There’s an inherent absurdity to this sort of counterproductivity, which may be why a sense of the absurd is threaded through so much of Eastern European literature. It’s not South American style magical realism. People don’t start levitating. Instead, it’s just a touch, a light balancing act between real and surreal, between conviction and satire. The decision-cycles in The Man Who Saw Seconds become absurd only gradually, and different readers disagree on when that threshold is crossed. But the spiral also reflects how these soulless, all-consuming system-machines really do work—humanity that’s been institutionalized, mechanized, almost mineralized, to paraphrase Ortega y Gasset.
The book is first and foremost a fast-paced thriller, not dependent on this subtext. I wanted to ensure a reader could enjoy it as a Jason Bourne-style Hollywood movie without any of these thematic or satirical elements. But they’re there for those who want to read them, within character motivations and the general madness of the constant escalation—which becomes counterproductive for everyone.
Fish’s anarchic distrust of institutions is rooted in my own distrust of the sort of control that suffocated the human spirit under the totality. But I do understand the other side. I appreciate how dangerous the mass loss of trust in institutions is to our democracies—even if some of that loss is justified. I’m a recovering attorney, but still a member of the California bar. I spent time as a speechwriter for the Civilian Complaint Review Board, which investigated bad members of the NYPD. I’m an instructor in Brazilian jiu-jitsu, and over the decades my sparring partners have included dozens of cops, SWAT team operators, and even friends who formerly served as bodyguards for prime ministers in Canada and Israel.
I write first for the love of a good story, and all these past lives help add texture to how well I can tell it. But second, I write to clash ideas against each other. (How cool that my publisher is CLASH Books!) With Seconds, I feel like I finally learned how to integrate those two drives seamlessly, something I was less successful with in my previous novel, The Ugly. It’s this clash that causes the story to keep escalating and it’s why I insist on making my antagonists as formidable as possible—steelmen rather than strawmen. I never want my hero to win because someone makes a mistake, like a James Bond villain who talks too long, and I never want to offer easy answers. Preble’s slim superpower is just barely enough to give him a fighting chance, maybe.

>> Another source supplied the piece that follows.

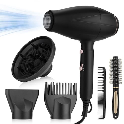 RESUXI -?Motor AC de 2200 W para secagem rápida?O secador de cabelo adota um poderoso motor AC que proporcionará um fluxo de ar mais forte para que você possa secar e modelar o cabelo duas vezes mais rápido em menos tempo. Com 3 configurações de velocidade, você pode escolher a configuração adequada para si mesmo. Com um botão de injeção a frio, você pode usar ar frio para ajudar a modelar os cabelos com facilidade. -?Proteção de segurança dupla?Por um lado, o secador de cabelo possui proteção por fusível e elemento de controle de temperatura para garantir a segurança. Por outro lado, o plugue de segurança dos secadores de cabelo para mulheres também pode garantir a segurança. Com fio giratório de 360°, você pode secar o cabelo com secador de cabelo portátil sem se preocupar com nada. -?3 acessórios para todos os tipos de cabelo?O bocal concentra e direciona o fluxo de ar, ideal para modelar com precisão; o difusor dispersa o fluxo de ar uniformemente, reduz o crespo e é adequado para cabelos encaracolados ou ondulados; o pente ajuda a alisar o cabelo, particularmente benéfico para cabelos grossos ou rebeldes. -?Secador de cabelo iônico negativo?O secador de cabelo profissional adota alta concentração de tecnologia de íons negativos que pode deixar seu cabelo úmido, macio e suave. Além da tecnologia cerâmica e da temperatura constante, o secador de cabelo pode proteger seus cabelos contra danos causados pelo superaquecimento, ajudar a suavizar o frizz e manter o brilho. O uso a longo prazo melhorará a qualidade do cabelo e o manterá em boas condições. -?Serviço pós-venda?O secador de cabelo profissional de salão atinge um equilíbrio perfeito entre temperatura e velocidade. Se você tiver alguma dúvida ou não estiver satisfeito após receber o produto, , faremos o possível para ajudá-lo. Estamos empenhados em fornecer a melhor experiência de compra.

Mark Powell, author of The Late Rebellion, described Seconds as, “part thriller, part gunfight (hell of a gunfight), part intellectual examination of what we mean when we say ‘freedom’ and all heart. Absurd, hilarious, and deadly serious, this is the rare novel that is both compulsively readable and philosophically deft.”
I don’t have an answer for what we mean when we say “freedom,” but I do know that my own conception of it was deeply shaped by being born in a country with none. For me, freedom is tied to openness—and that includes the interpretations of anything I’ve written.
I like to think of the emotional and intellectual themes in my writing as the two wings of a story. They provide the lift, but they shouldn’t be tied down to my own past. If my personal background adds possibilities to how you read the book, then that makes me happy. If not, kill me and enjoy The Man Who Saw Seconds.